■ Instructions for the task
Nothing but the pictures may be left out. Restate the rest of the entries word for word.

══ Information supplied

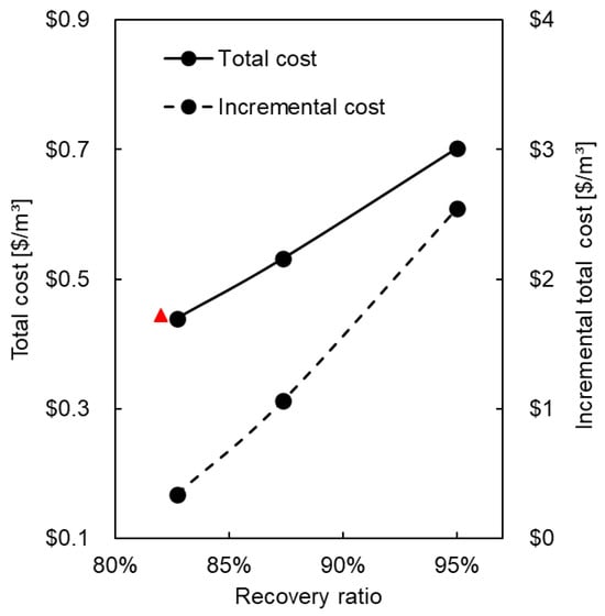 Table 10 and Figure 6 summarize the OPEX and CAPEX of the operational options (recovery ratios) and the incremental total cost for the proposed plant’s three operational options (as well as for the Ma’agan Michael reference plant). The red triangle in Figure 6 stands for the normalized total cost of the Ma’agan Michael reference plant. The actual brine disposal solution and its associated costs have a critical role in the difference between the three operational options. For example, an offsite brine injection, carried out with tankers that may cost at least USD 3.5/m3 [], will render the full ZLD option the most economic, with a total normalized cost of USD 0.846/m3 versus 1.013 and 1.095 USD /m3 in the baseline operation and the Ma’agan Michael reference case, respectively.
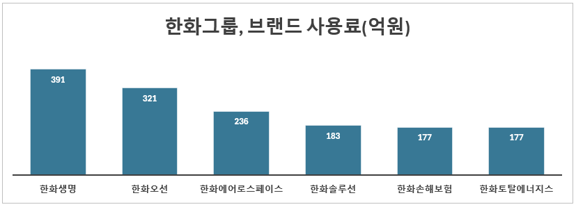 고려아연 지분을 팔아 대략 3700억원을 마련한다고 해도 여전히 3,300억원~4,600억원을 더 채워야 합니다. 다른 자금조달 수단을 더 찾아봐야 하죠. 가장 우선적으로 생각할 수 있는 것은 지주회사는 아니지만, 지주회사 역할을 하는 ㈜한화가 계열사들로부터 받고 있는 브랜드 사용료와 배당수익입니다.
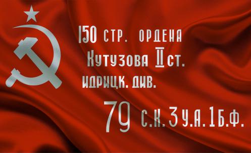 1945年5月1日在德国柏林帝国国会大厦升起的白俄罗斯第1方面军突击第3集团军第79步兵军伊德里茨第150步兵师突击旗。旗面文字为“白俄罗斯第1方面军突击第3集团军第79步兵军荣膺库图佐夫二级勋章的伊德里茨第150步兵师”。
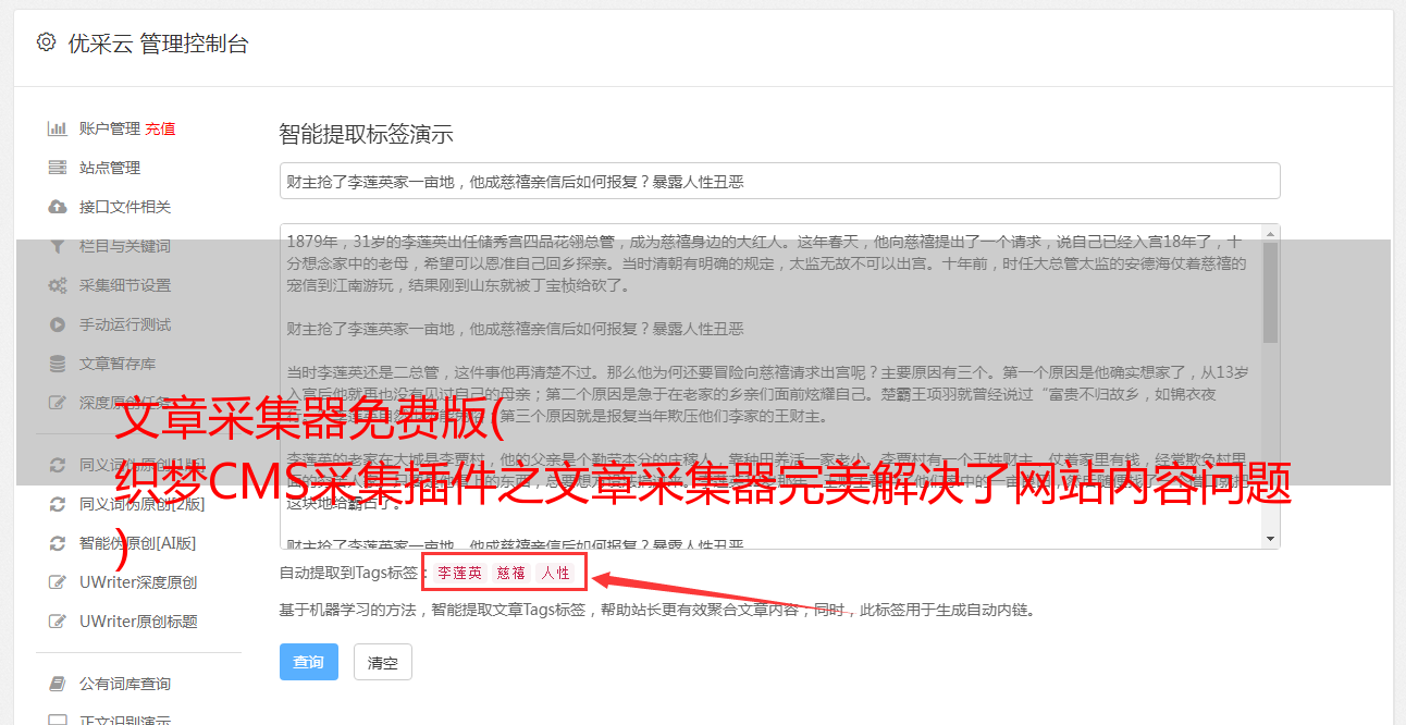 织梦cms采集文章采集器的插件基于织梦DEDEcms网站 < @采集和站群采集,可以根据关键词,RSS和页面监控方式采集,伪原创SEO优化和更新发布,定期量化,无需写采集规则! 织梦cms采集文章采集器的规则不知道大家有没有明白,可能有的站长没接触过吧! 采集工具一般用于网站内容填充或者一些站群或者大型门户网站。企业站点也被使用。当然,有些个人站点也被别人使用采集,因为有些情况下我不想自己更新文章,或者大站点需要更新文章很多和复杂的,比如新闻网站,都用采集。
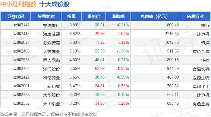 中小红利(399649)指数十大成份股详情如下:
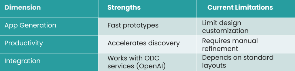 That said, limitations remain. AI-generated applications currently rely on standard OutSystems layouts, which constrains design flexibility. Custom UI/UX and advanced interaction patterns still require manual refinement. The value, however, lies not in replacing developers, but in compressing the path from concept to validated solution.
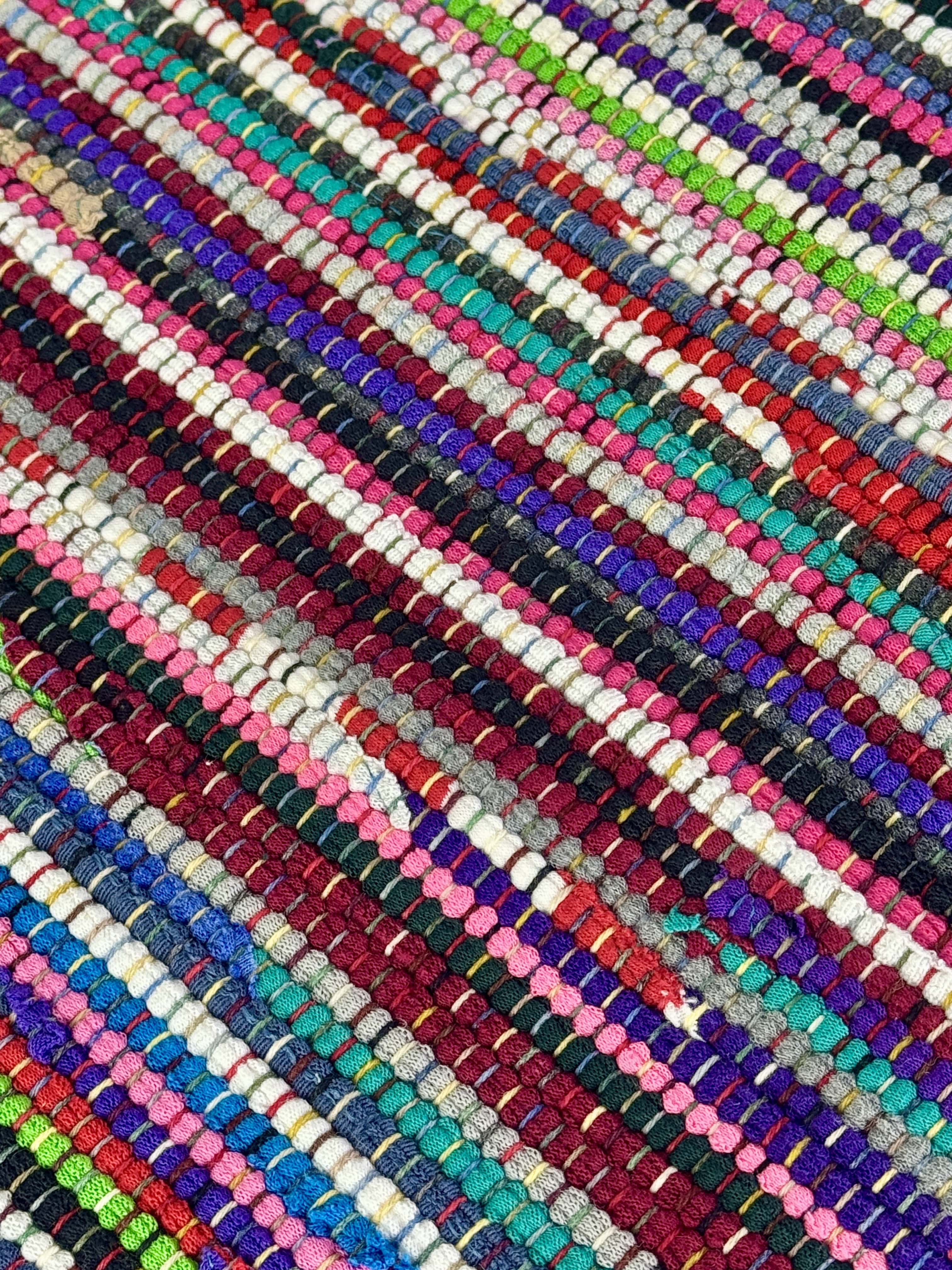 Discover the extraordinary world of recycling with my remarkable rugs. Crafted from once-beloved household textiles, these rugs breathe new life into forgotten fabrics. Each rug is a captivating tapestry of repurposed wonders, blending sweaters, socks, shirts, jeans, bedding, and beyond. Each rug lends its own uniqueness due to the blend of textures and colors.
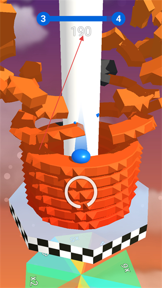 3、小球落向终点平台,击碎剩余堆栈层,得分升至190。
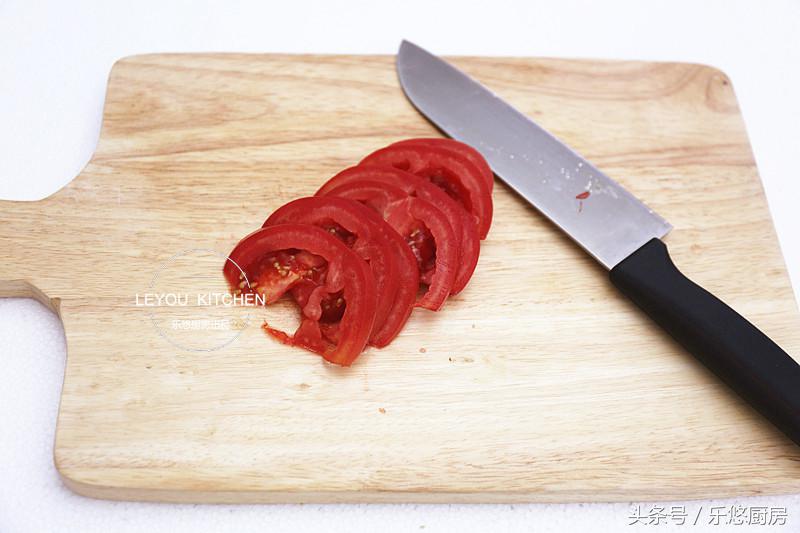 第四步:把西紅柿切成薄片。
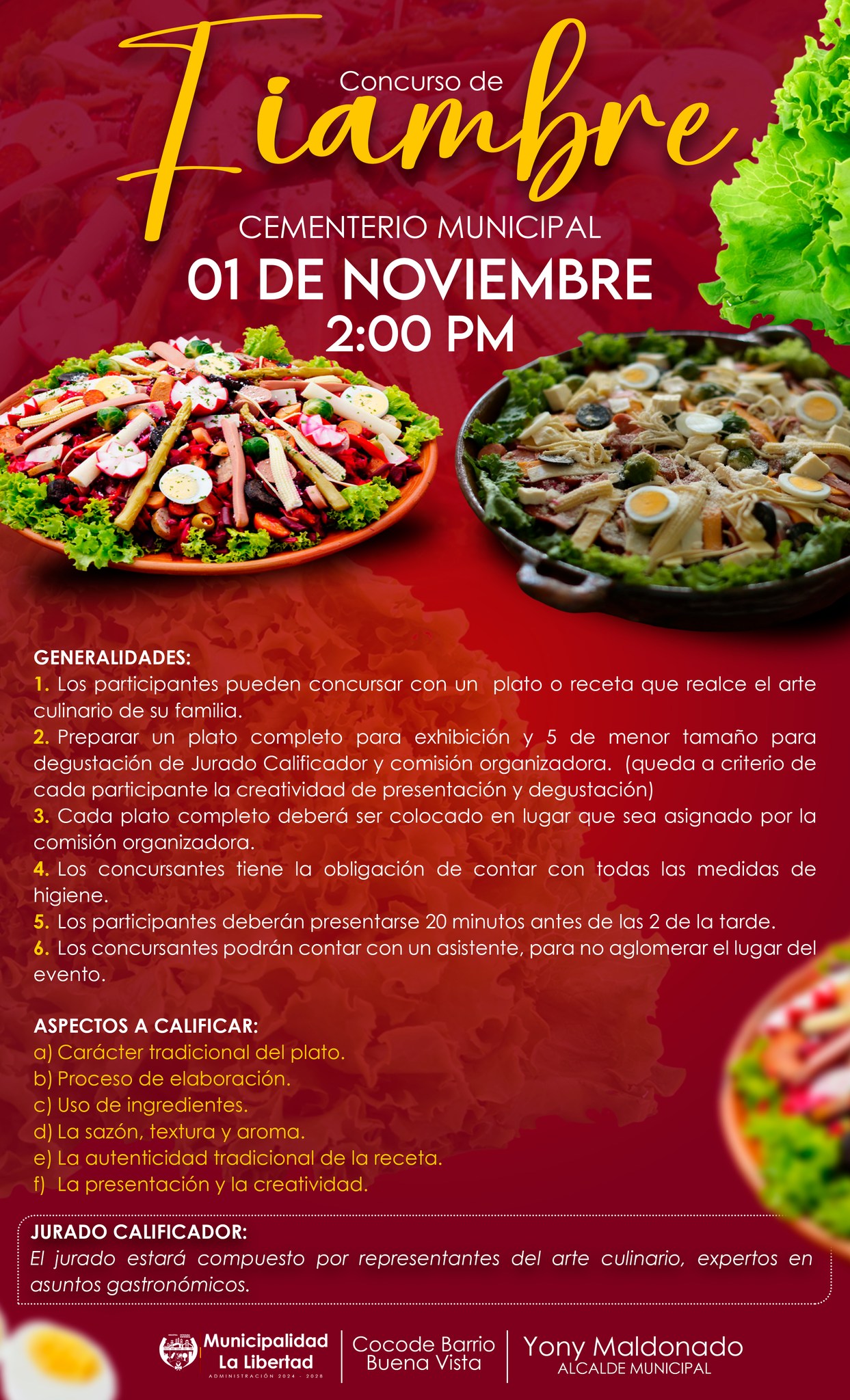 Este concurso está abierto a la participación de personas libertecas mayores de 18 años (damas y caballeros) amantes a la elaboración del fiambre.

════

■ Your response
 Table 10 and Figure 6 summarize the OPEX and CAPEX of the operational options (recovery ratios) and the incremental total cost for the proposed plant’s three operational options (as well as for the Ma’agan Michael reference plant). The red triangle in Figure 6 stands for the normalized total cost of the Ma’agan Michael reference plant. The actual brine disposal solution and its associated costs have a critical role in the difference between the three operational options. For example, an offsite brine injection, carried out with tankers that may cost at least USD 3.5/m3 [], will render the full ZLD option the most economic, with a total normalized cost of USD 0.846/m3 versus 1.013 and 1.095 USD /m3 in the baseline operation and the Ma’agan Michael reference case, respectively.
 고려아연 지분을 팔아 대략 3700억원을 마련한다고 해도 여전히 3,300억원~4,600억원을 더 채워야 합니다. 다른 자금조달 수단을 더 찾아봐야 하죠. 가장 우선적으로 생각할 수 있는 것은 지주회사는 아니지만, 지주회사 역할을 하는 ㈜한화가 계열사들로부터 받고 있는 브랜드 사용료와 배당수익입니다.
 1945年5月1日在德国柏林帝国国会大厦升起的白俄罗斯第1方面军突击第3集团军第79步兵军伊德里茨第150步兵师突击旗。旗面文字为“白俄罗斯第1方面军突击第3集团军第79步兵军荣膺库图佐夫二级勋章的伊德里茨第150步兵师”。
 织梦cms采集文章采集器的插件基于织梦DEDEcms网站 < @采集和站群采集,可以根据关键词,RSS和页面监控方式采集,伪原创SEO优化和更新发布,定期量化,无需写采集规则! 织梦cms采集文章采集器的规则不知道大家有没有明白,可能有的站长没接触过吧! 采集工具一般用于网站内容填充或者一些站群或者大型门户网站。企业站点也被使用。当然,有些个人站点也被别人使用采集,因为有些情况下我不想自己更新文章,或者大站点需要更新文章很多和复杂的,比如新闻网站,都用采集。
 中小红利(399649)指数十大成份股详情如下:
 That said, limitations remain. AI-generated applications currently rely on standard OutSystems layouts, which constrains design flexibility. Custom UI/UX and advanced interaction patterns still require manual refinement. The value, however, lies not in replacing developers, but in compressing the path from concept to validated solution.
 Discover the extraordinary world of recycling with my remarkable rugs. Crafted from once-beloved household textiles, these rugs breathe new life into forgotten fabrics. Each rug is a captivating tapestry of repurposed wonders, blending sweaters, socks, shirts, jeans, bedding, and beyond. Each rug lends its own uniqueness due to the blend of textures and colors.
 3、小球落向终点平台,击碎剩余堆栈层,得分升至190。
 第四步:把西紅柿切成薄片。
 Este concurso está abierto a la participación de personas libertecas mayores de 18 años (damas y caballeros) amantes a la elaboración del fiambre.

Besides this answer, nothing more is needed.